VIII     Oct. 17th         Poem engaged in visual depiction of time or space: calendar, blue print, diagram, map, a molecular diagram, the periodic table, etc.

 

IX       Oct. 24th         Ashbery, Girls on the Run (book) and “Self Portrait in a Convex Mirror” (posted). Possible field trip to Roger Brown house if there is interest.

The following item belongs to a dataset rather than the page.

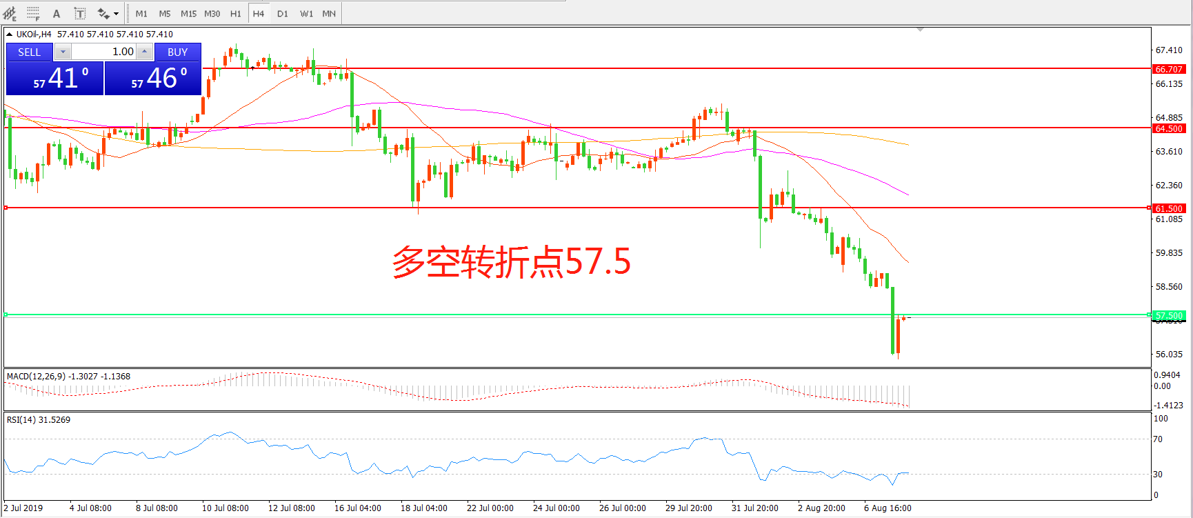 周三(8月7日)美国能源信息署(EIA)最新数据显示,截止8月2日当周,美国原油库存意外增长239万桶,而市场预期为减少285万桶,同时精炼油和汽油库存也同步攀升。全面利空的EIA数据表现导致布伦特原油暴跌,最终收报57.41美元/桶。近几日全球经济衰退风险也显著攀升,这令投资者开始逃离风险资产。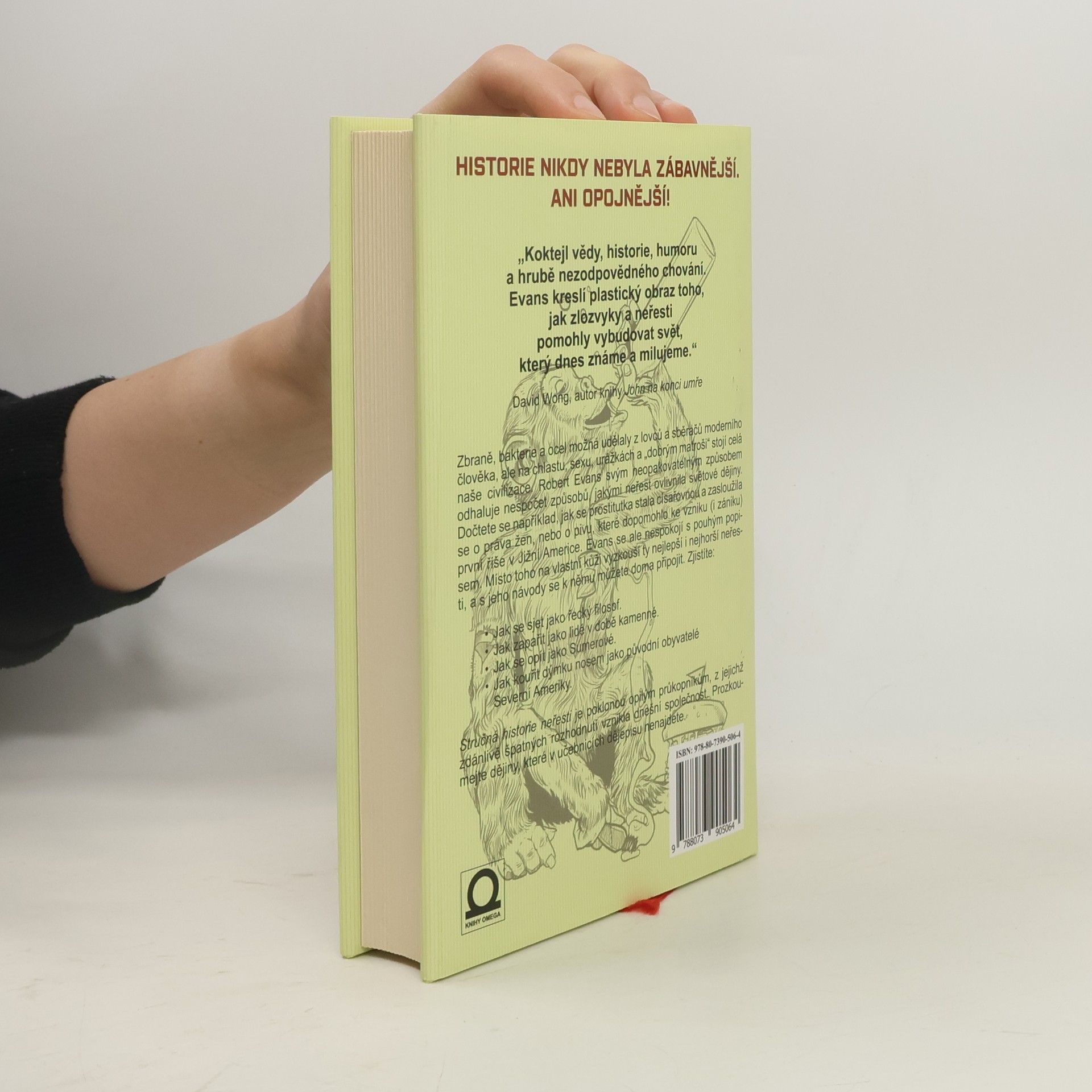 Historie nikdy nebyla tak zábavná a opojná. Zbraně, ocel a bakterie udělali z nás, pradávných lovců a sběračů, moderního člověka, ale na chlastu, sexu, „dobrym matroši“ a sprosťárnách stojí naše civilizace. Robert Evans svým neopakovatelným způsobem odhaluje a popisuje události, o kterých se v učebnicích dějepisu nedočtete. Například příběh prostitutky, ze které se stala císařovna a vymohla ženám jedno z nejdůležitějších práv vůbec – právo pít pivo, což napomohlo ke zhroucení první říše v Jižní Americe. Dále se naučíte: kouřit dýmku nosem jako původní obyvatelé Severní Ameriky, zahulit jako řečtí filosofové, opít se jako Suméřané nebo se odvázat jako naši předci z doby kamenné. Zahřešíte se starými vyznavači Islámu, přečtete si první bulvární plátek z dob starověkého Řecka a seznámíte se s podivuhodnou historií sexuálního byznysu.

LAST DAY TO WITHDRAW WITH A “W”

 

X         Oct. 31st          Workshop: Chose a work of art that demands a poem in a newly constructed language: an invented vocabulary, a new syntax, an invented system of verb tenses, etc., and write the poem about it accordingly. Exercise in visual translation using Kandinsky’s “Graceful Ascent”, Klee’s “Tree Nursery”:


https://www.guggenheim.org/artwork/1959

            https://commons.wikimedia.org/wiki/File:Tree_Nursery,_Paul_Klee,_1929,_oil_on_incised_gesso_on_canvas_(detail)_-_Phillips_Collection_-_DSC04897.JPG

XI       Nov. 7th          Simic (book) and a few pieces from Convergence of Birds (posted). Optional: Coover (book). Why do you think Cornell exerts such an extreme fascination over writers and poets? What about his work is especially evocative of poetry?

 

XII      Nov. 14th        Cornell poem: reading at museum. Exercise in combining poem and visual art.

 

XIII     Nov. 21st         Costello (book), optional: Davenport essay (posted).


THANKSGIVING


CRITIQUE WEEK

 

XIV    Dec. 12th         Poem as still life.